Tobie van Zyl is as close as it gets to a FinTech rock star from South African soil. He started and exited multiple successful companies, consults for promising startups and is now eyeing a global mobile banking venture. In the runup to our landmark FinTech event in Cape Town, our reporter Ebrahim Moolla spoke to Tobie about the challenges and opportunities of doing business in South Africa.
- Join our FinTech Africa event in Cape Town on 20 October
- Read an interview with IDM's COO Benay Sager
- Find out what investor Colin Vallis thinks about FinTech in Africa
- Learn about FinTech accelerator Techstars and its program in Cape Town
- Get an international perspective from Nicole Anderson
Tell us about your background.
"I'm a serial technology entrepreneur, big ideas innovator and energetic leader. I grew up in the financial services industry and since the age of 21 has founded my first online company, an internet insurance lead generator, which I sold three years later. I went on to start Limitless Technology Group, a FinTech company, serving as CEO from August 2010 until June 2015. I recently exited the group to start a global mobile banking venture, developing experimental, programmable banking systems, incorporating crypto currency and block chain technologies. The company is due for launch in private beta by mid-2016."

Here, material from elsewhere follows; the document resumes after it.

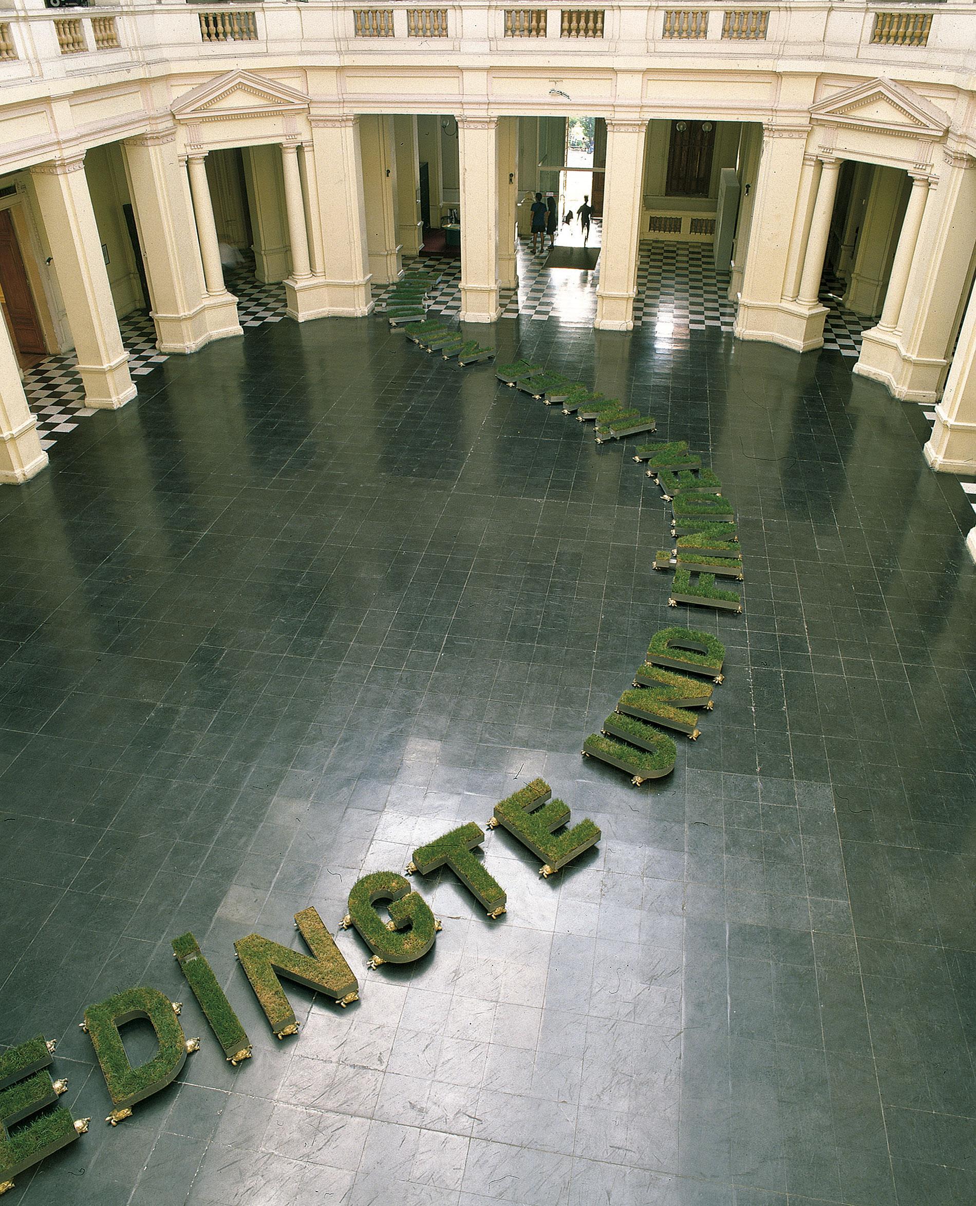 Bajo ese paradigma, presentó propuestas rupturistas, en el sentido de incorporar búsquedas distintas al formalismo. Así, por ejemplo, a fines de 2001, exhibió en el Museo de Arte Contemporáneo la obra "Tratado del entendimiento humano", instalación de grandes dimensiones basada en una frase del poeta y filósofo alemán Novalis: "Buscamos por doquier lo incondicionado y encontramos siempre cosas". La instalación ocupó el hall del Museo y estuvo compuesta por letras conteniendo césped en sus cavidades, sostenidas por tortugas de metal (205 en total).

Do you think SA has the entrepreneurial talent to support the FinTech boom?
"There is a massive skills drain in SA at the moment. Silicon Valley has a great marketing strategy and there are more opportunities abroad. People think on a global scale in New York, San Francisco and London. Here in South Africa, we look to Africa for opportunities, with all its challenges and lack of infrastructure. SA is a slow-moving market. There isn't a lot of capital and there aren't as many start-ups as we think. Reaching profitability takes up to five times longer than in other markets. SMEs have never been funded by banks here, as it was seen as too risky, and there are not many successful mentors. We don't have big exits and acquisitions. The level of risk adverseness means investors want 25 to 30 percent of equity for every R1 million of capital. You'll be a founder with no controlling stake and the least incentivised to build a big business. I'm not raising my money locally anymore because it comes at such a high price."
"Stay hungry and poor as long as it takes, because you can raise five times more money in a bigger foreign market for a fraction of the equity than you can locally."
"However, the technology, if applied in SA, improves on adoption rates, it makes it easy to customise software for any country. The local market is very B2B, with banks, insurers and investments firms owning most of the customer base. It makes sense to build a product that can pivot both ways. There is the customer-facing side of it, for adoption, traction and to prove that your software works, but ultimately, the money will come from sales into banks and insurers. You won't own the customer base, but rather the client relationship of the corporate that will be the lifeblood of your business."
Are there any South African or continental initiatives that impress you?
"Bevan Ducasse at WiGroup, the mobile payment platform, has done a remarkable job to realise his vision, considering the challenges and incumbent infrastructure. I am a consultant to RainFin, a peer-to-peer lending platform that has been first to market in SA and really empowered consumers. The CEO, Sean Emery, is a great leader. eKaya is changing the rental market by offering tools for landlords to do their own due diligence and cut out the middle man. Then there's Ordercloud, which aims to create the Internet of Commerce under the leadership of Erni van Biljon. And, of course, I admire the Limitless team - I wouldn't be who I am without them."
Have encountered any resistance from big financial institutions?
"There are cultural differences between the banks. FNB has been lauded as the best digital bank in the world, so why would they want to do a business with a start-up? Absa, on the other hand, as one of the largest banks in Africa, needs partnerships to expand business model and provide cost-effective services to more people. It is embracing FinTech through accelerators and investment funds. Banks are realising that FinTechs are faster, quicker, more innovative and able to solve big problems without legacy. Regulation is the big problem - we have a very slow-moving regulatory framework. For far too long, the market has been dominated by big players, with little competition. Digital businesses can bring costs down for end consumers."
How do you see the FinTech revolution panning out?
"Fintech will become the fabric of many things. I see it as an inter-operable concept. Banking will not be a place to go to, but something that you do. It needs to be open source, but I don't see it being that way very soon, unfortunately. Consumer services are going to have third-party FinTech companies integrate products into their business models."
Do you have any advice for budding FinTech entrepreneurs?
"If I look back, there were so many times that I should have gone with my gut instinct. Focus on a single piece of the puzzle and quantify your financial needs to test your product. Stay hungry and poor as long as it takes, because you can raise five times more money in a bigger foreign market for a fraction of the equity than you can locally. Communicate and be transparent with your team so that they support you. Be aware that entrepreneurship is hard work and that execution is the only metric that matters when you're starting out."